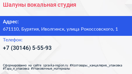 Шалуны, вокальная студия по адресу 671110, Бурятия, Иволгинск, улица Рокоссовского, 1 в дальнейшем Организация, размещена в следующих категориях:
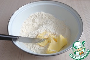 В миску добавить муку (200 гр.), добавить размягченное сливочное масло (100 гр.), добавить разрыхлитель (1 ч. ложка)
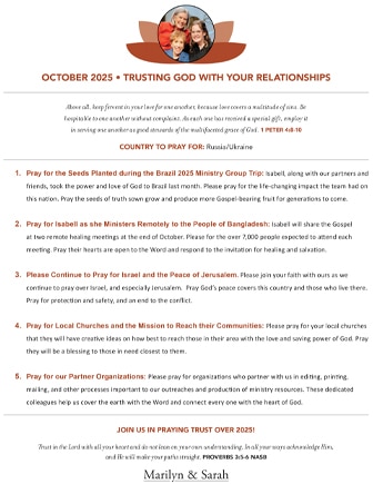 Below are monthly Prayer Points of emphasis for the Ministry.
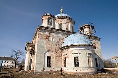 По дороге мы видели не одну полуразрушенную церковь. И на первый взгляд Николо-Теребенская обитель немногим от них отличается. Судьба ее схожа с историей десятков других монастырей и храмов, разбросанных по российским просторам. Существует красивое предание, согласно которому еще в конце XV века икона Николая Чудотворца указала место для строительства главной церкви монастырского ансамбля – Никольской. Несколько раз храм разрушали, но потом вновь возрождали. В нынешнем виде – с живописными фресками и высокой колокольней – церковь была отстроена и освящена в 1838 году. После революции храм надолго превратился в склад, а поэтому настенные росписи пришли в полное запустение. Восстанавливать комплекс начали в середине 90-х годов прошлого столетия. Подремонтировали церковь Благовещения, привели в порядок подземную церковь Александра Свирского. Никольской повезло меньше – то ли руки до нее не дошли, то ли денег не хватило. Впрочем, церковь сама напомнила о себе.
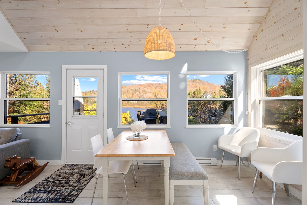 Profitez de l'effet apaisant de la nature en séjournant dans ce chalet contemporain à fenestration abondante en plein coeur de la forêt. Tremblant est magnifique, peu importe la saison. Destination plein air de rêve, vous serez à 8 minutes du Mont-Blanc et 20 minutes du Mont Tremblant. Que ce soit pour la randonnée, le ski de fonds, la raquette ou la motoneige, des sentiers sont accessibles facilement dans toutes les directions. Sans oublier le célèbre P'tit Train du Nord à 3 minutes de route.
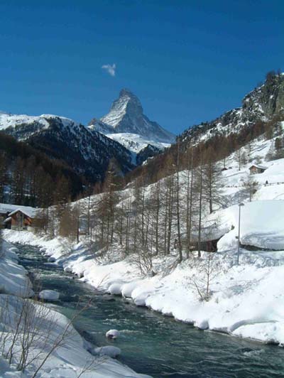 Ein kleiner Bach in der schönen Winterlandschaft etwas unterhalb von Zermatt. |
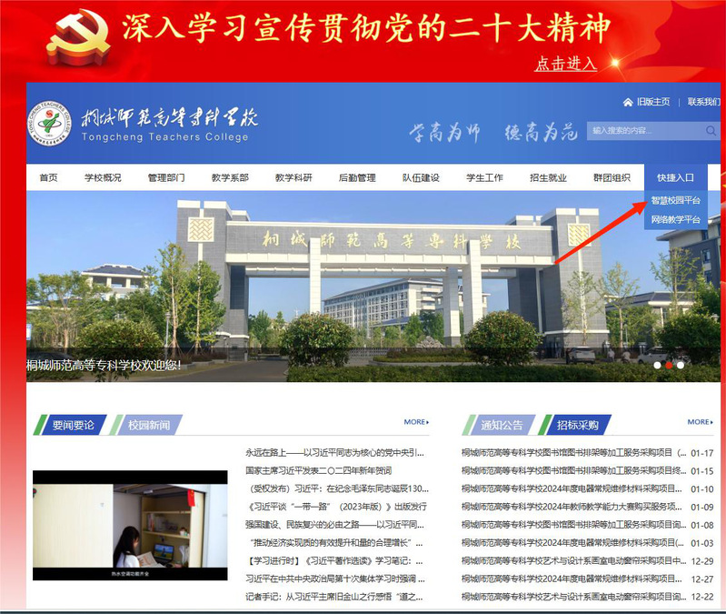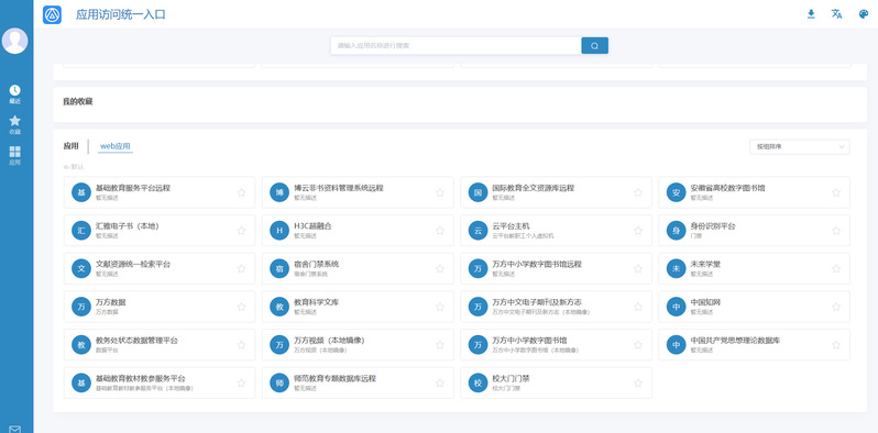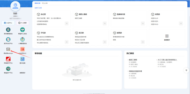 注意:用戶在登錄進入WebVPN後,隻能通過桐城師範高等專科學校內鏈接進行跳轉訪問,不支持直接輸入域名或在新瀏覽器中進行校內內網應用的訪問。
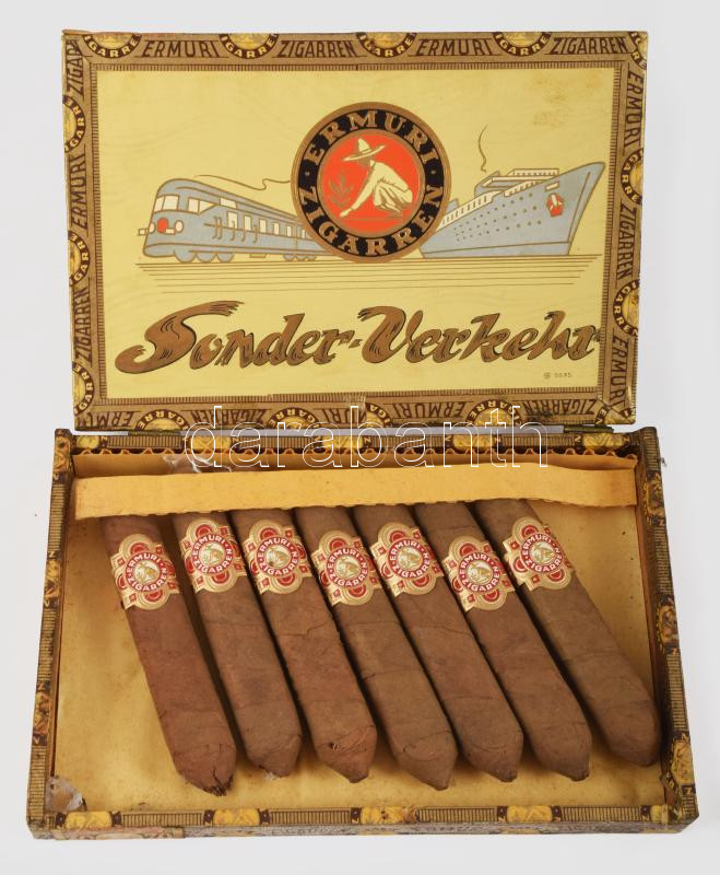 Ermuri Sonderverkehr szivar, doboz, tartalommal 18x12 cm https://www.darabanth.com/de/508-Fernauktion/508.0/Kunst-Dokumente-andere-Sammelgebiete/Flohmarkt~854/Ermuri-Sonderverkehr-szivar-doboz-tartalommal-18x12-cm~II3443735
##############################
■ **What to do**: In full and without error, repeat the listing above, omitting its images.

■ **Completed task**:
 Шалуны, вокальная студия по адресу 671110, Бурятия, Иволгинск, улица Рокоссовского, 1 в дальнейшем Организация, размещена в следующих категориях:
 В миску добавить муку (200 гр.), добавить размягченное сливочное масло (100 гр.), добавить разрыхлитель (1 ч. ложка)
 Below are monthly Prayer Points of emphasis for the Ministry.
 По дороге мы видели не одну полуразрушенную церковь. И на первый взгляд Николо-Теребенская обитель немногим от них отличается. Судьба ее схожа с историей десятков других монастырей и храмов, разбросанных по российским просторам. Существует красивое предание, согласно которому еще в конце XV века икона Николая Чудотворца указала место для строительства главной церкви монастырского ансамбля – Никольской. Несколько раз храм разрушали, но потом вновь возрождали. В нынешнем виде – с живописными фресками и высокой колокольней – церковь была отстроена и освящена в 1838 году. После революции храм надолго превратился в склад, а поэтому настенные росписи пришли в полное запустение. Восстанавливать комплекс начали в середине 90-х годов прошлого столетия. Подремонтировали церковь Благовещения, привели в порядок подземную церковь Александра Свирского. Никольской повезло меньше – то ли руки до нее не дошли, то ли денег не хватило. Впрочем, церковь сама напомнила о себе.
 Profitez de l'effet apaisant de la nature en séjournant dans ce chalet contemporain à fenestration abondante en plein coeur de la forêt. Tremblant est magnifique, peu importe la saison. Destination plein air de rêve, vous serez à 8 minutes du Mont-Blanc et 20 minutes du Mont Tremblant. Que ce soit pour la randonnée, le ski de fonds, la raquette ou la motoneige, des sentiers sont accessibles facilement dans toutes les directions. Sans oublier le célèbre P'tit Train du Nord à 3 minutes de route.
 Ein kleiner Bach in der schönen Winterlandschaft etwas unterhalb von Zermatt. |
 注意:用戶在登錄進入WebVPN後,隻能通過桐城師範高等專科學校內鏈接進行跳轉訪問,不支持直接輸入域名或在新瀏覽器中進行校內內網應用的訪問。
 Ermuri Sonderverkehr szivar, doboz, tartalommal 18x12 cm https://www.darabanth.com/de/508-Fernauktion/508.0/Kunst-Dokumente-andere-Sammelgebiete/Flohmarkt~854/Ermuri-Sonderverkehr-szivar-doboz-tartalommal-18x12-cm~II3443735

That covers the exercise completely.